§ YOUR GOAL
Below this line is a listing that includes pictures. Copy exactly, and only, the lines from the one containing "催しませんか。 両サイドに持ち手のついたグラストレーを重ねたオーバル シェープを二段仕上げにしたテーブルです。" through the one containing "วันพฤหัสบดีที่ 7 สิงหาคม"; the pictures do not go in the copy.

§ PROVIDED RECORDS
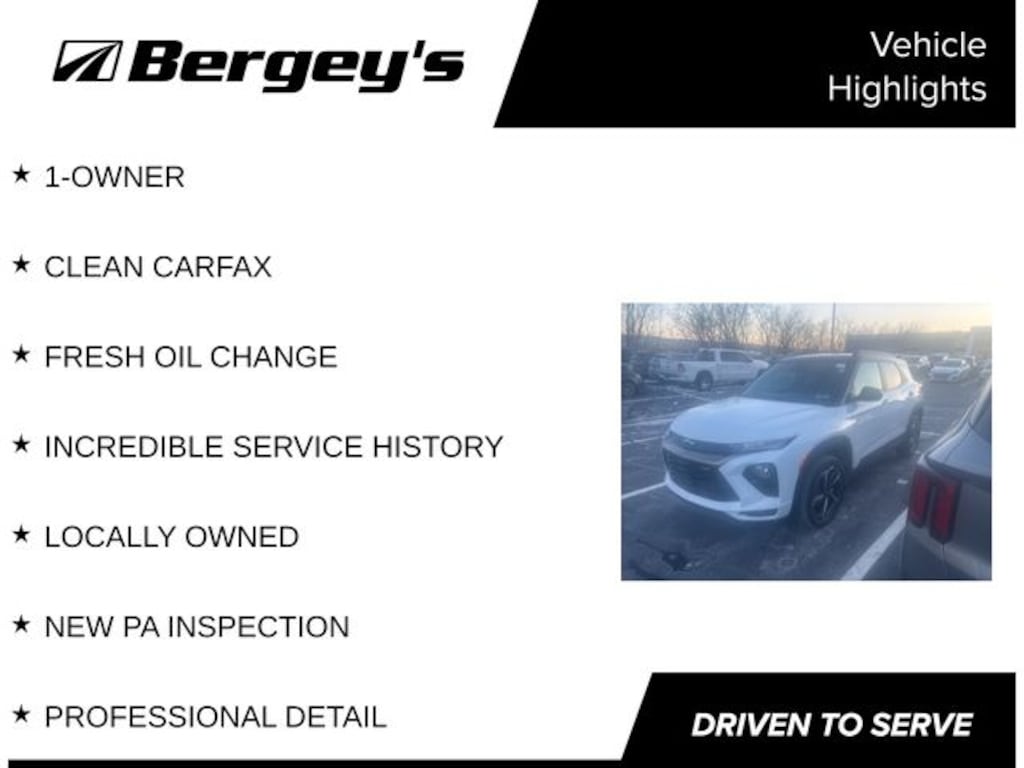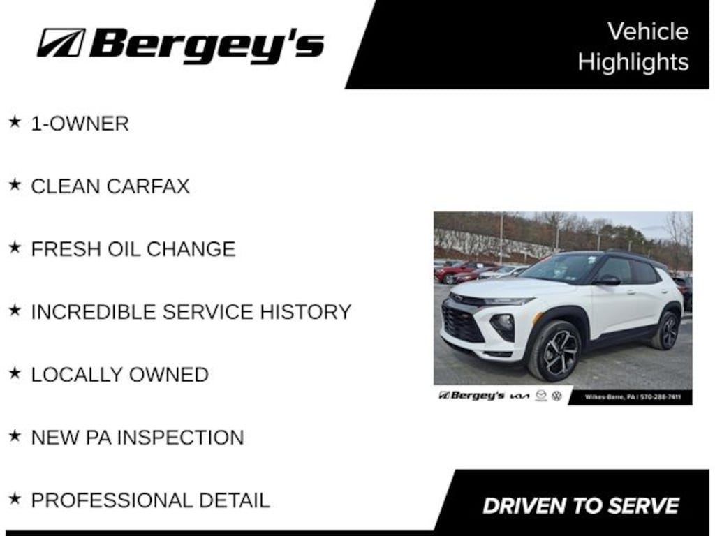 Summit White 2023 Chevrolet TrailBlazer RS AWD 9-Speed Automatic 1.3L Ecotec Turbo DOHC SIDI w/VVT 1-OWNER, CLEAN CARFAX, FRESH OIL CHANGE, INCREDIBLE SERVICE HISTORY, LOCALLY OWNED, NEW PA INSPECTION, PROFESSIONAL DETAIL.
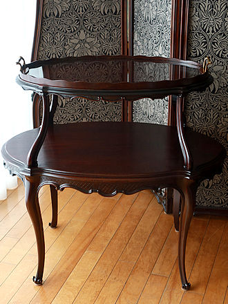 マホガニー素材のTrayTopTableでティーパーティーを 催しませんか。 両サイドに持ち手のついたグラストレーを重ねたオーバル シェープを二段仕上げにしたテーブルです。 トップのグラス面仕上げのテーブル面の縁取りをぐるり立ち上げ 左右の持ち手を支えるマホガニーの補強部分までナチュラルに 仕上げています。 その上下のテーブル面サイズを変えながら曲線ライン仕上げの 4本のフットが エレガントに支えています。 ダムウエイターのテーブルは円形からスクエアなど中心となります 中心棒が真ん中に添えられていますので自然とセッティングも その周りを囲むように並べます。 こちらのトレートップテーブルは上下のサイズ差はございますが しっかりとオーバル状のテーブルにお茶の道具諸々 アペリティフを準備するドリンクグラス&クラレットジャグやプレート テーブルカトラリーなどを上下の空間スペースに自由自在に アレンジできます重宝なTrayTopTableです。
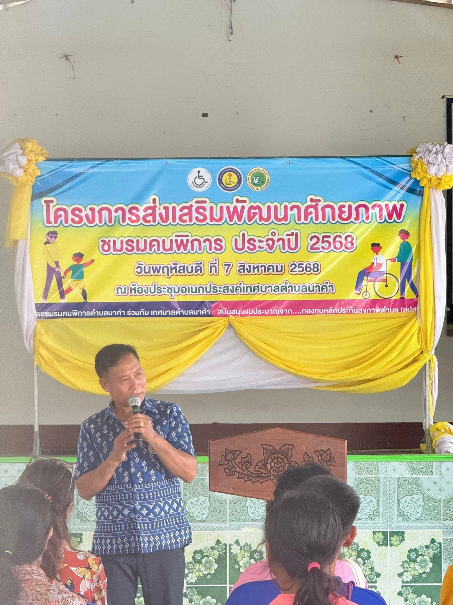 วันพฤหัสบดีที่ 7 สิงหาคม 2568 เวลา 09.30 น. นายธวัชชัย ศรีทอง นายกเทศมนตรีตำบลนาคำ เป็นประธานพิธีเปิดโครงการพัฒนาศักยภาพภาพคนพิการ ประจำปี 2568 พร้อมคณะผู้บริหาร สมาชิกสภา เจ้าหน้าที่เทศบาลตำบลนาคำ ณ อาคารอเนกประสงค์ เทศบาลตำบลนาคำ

--

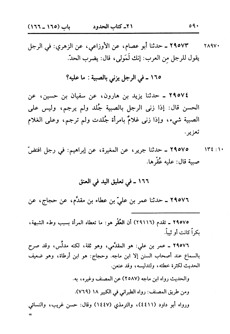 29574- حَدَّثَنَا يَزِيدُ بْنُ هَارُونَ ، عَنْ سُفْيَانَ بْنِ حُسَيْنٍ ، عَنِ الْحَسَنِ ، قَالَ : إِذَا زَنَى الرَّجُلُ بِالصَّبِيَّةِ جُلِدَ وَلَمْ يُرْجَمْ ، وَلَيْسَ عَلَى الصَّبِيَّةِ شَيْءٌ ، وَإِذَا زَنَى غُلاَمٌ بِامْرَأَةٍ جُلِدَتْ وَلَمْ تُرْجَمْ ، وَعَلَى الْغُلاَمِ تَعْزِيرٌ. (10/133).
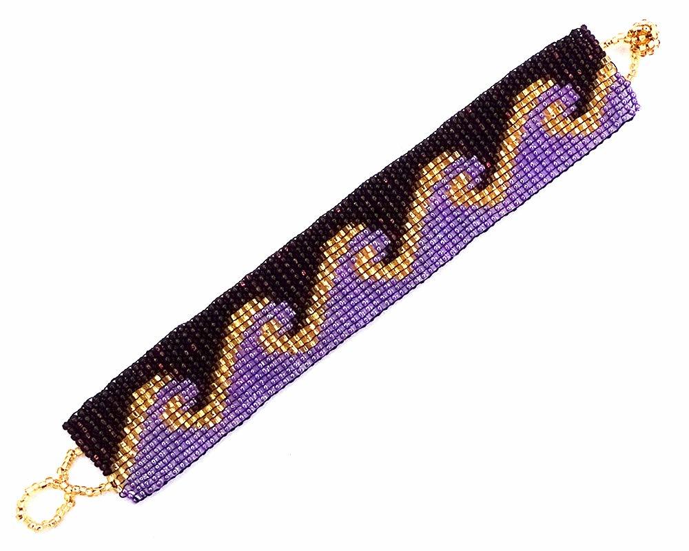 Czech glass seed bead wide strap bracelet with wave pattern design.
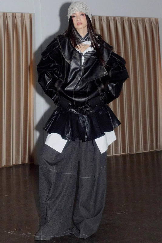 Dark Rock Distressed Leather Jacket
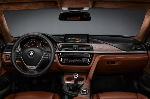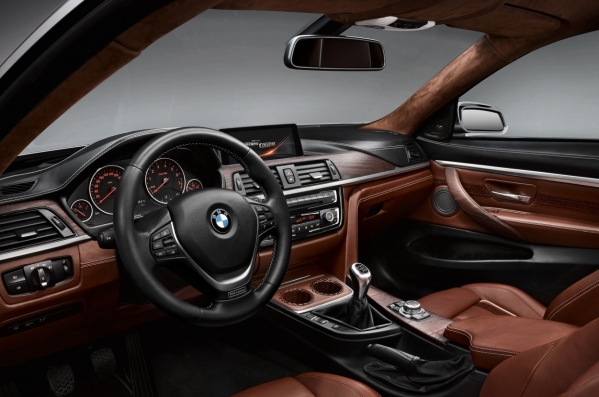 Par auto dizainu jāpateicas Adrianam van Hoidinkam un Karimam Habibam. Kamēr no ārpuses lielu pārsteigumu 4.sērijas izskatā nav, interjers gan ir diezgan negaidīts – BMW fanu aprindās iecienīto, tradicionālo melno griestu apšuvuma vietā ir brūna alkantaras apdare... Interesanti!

--

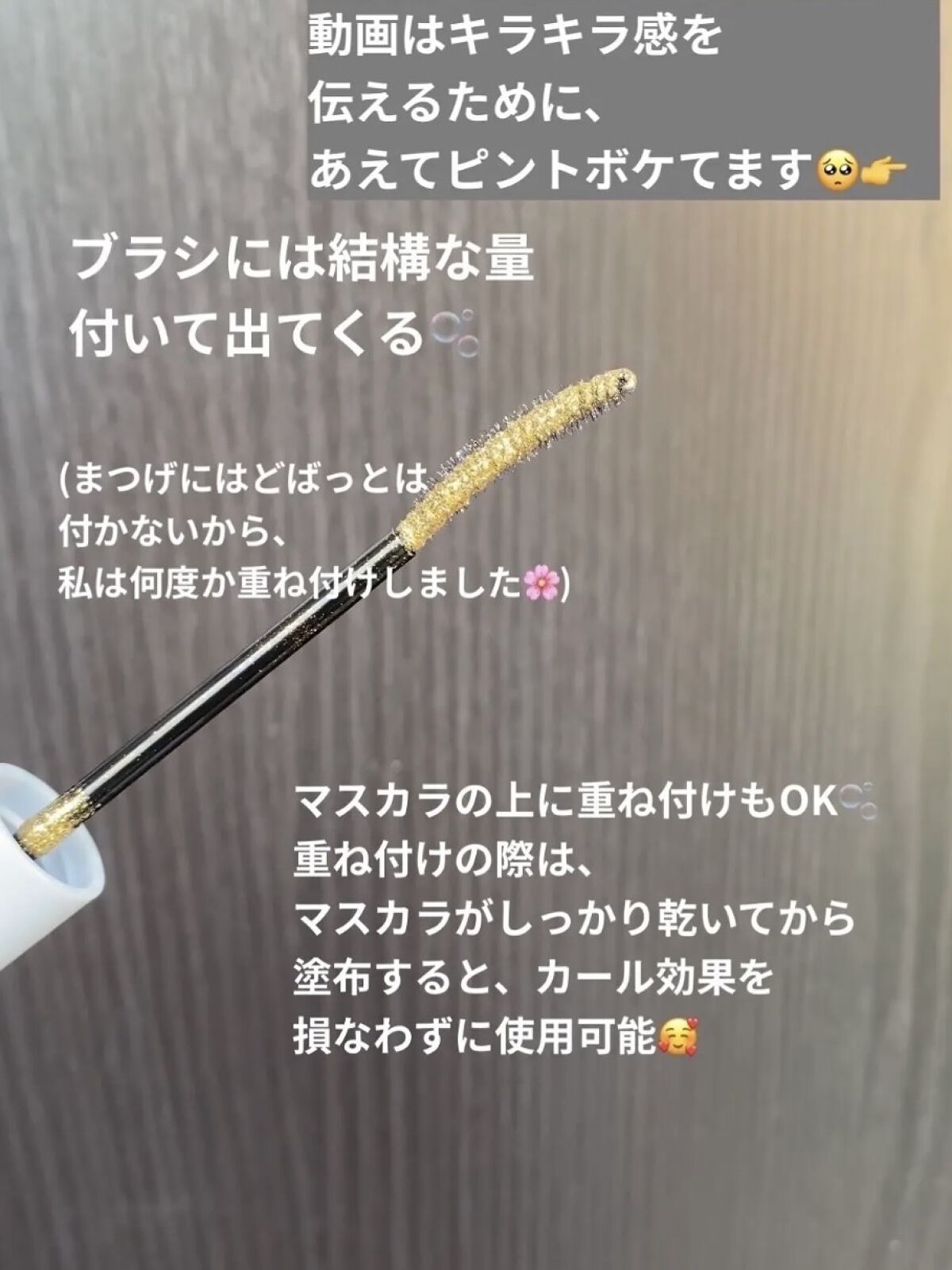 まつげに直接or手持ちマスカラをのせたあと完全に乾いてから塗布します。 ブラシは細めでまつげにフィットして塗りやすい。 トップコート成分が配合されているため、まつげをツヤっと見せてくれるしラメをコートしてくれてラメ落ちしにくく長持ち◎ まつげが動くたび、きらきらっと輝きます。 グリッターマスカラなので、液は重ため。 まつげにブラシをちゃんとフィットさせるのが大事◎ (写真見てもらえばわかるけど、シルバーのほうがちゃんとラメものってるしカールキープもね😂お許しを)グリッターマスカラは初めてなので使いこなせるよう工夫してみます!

§ COMPLETED EXERCISE
 マホガニー素材のTrayTopTableでティーパーティーを 催しませんか。 両サイドに持ち手のついたグラストレーを重ねたオーバル シェープを二段仕上げにしたテーブルです。 トップのグラス面仕上げのテーブル面の縁取りをぐるり立ち上げ 左右の持ち手を支えるマホガニーの補強部分までナチュラルに 仕上げています。 その上下のテーブル面サイズを変えながら曲線ライン仕上げの 4本のフットが エレガントに支えています。 ダムウエイターのテーブルは円形からスクエアなど中心となります 中心棒が真ん中に添えられていますので自然とセッティングも その周りを囲むように並べます。 こちらのトレートップテーブルは上下のサイズ差はございますが しっかりとオーバル状のテーブルにお茶の道具諸々 アペリティフを準備するドリンクグラス&クラレットジャグやプレート テーブルカトラリーなどを上下の空間スペースに自由自在に アレンジできます重宝なTrayTopTableです。
 วันพฤหัสบดีที่ 7 สิงหาคม 2568 เวลา 09.30 น. นายธวัชชัย ศรีทอง นายกเทศมนตรีตำบลนาคำ เป็นประธานพิธีเปิดโครงการพัฒนาศักยภาพภาพคนพิการ ประจำปี 2568 พร้อมคณะผู้บริหาร สมาชิกสภา เจ้าหน้าที่เทศบาลตำบลนาคำ ณ อาคารอเนกประสงค์ เทศบาลตำบลนาคำ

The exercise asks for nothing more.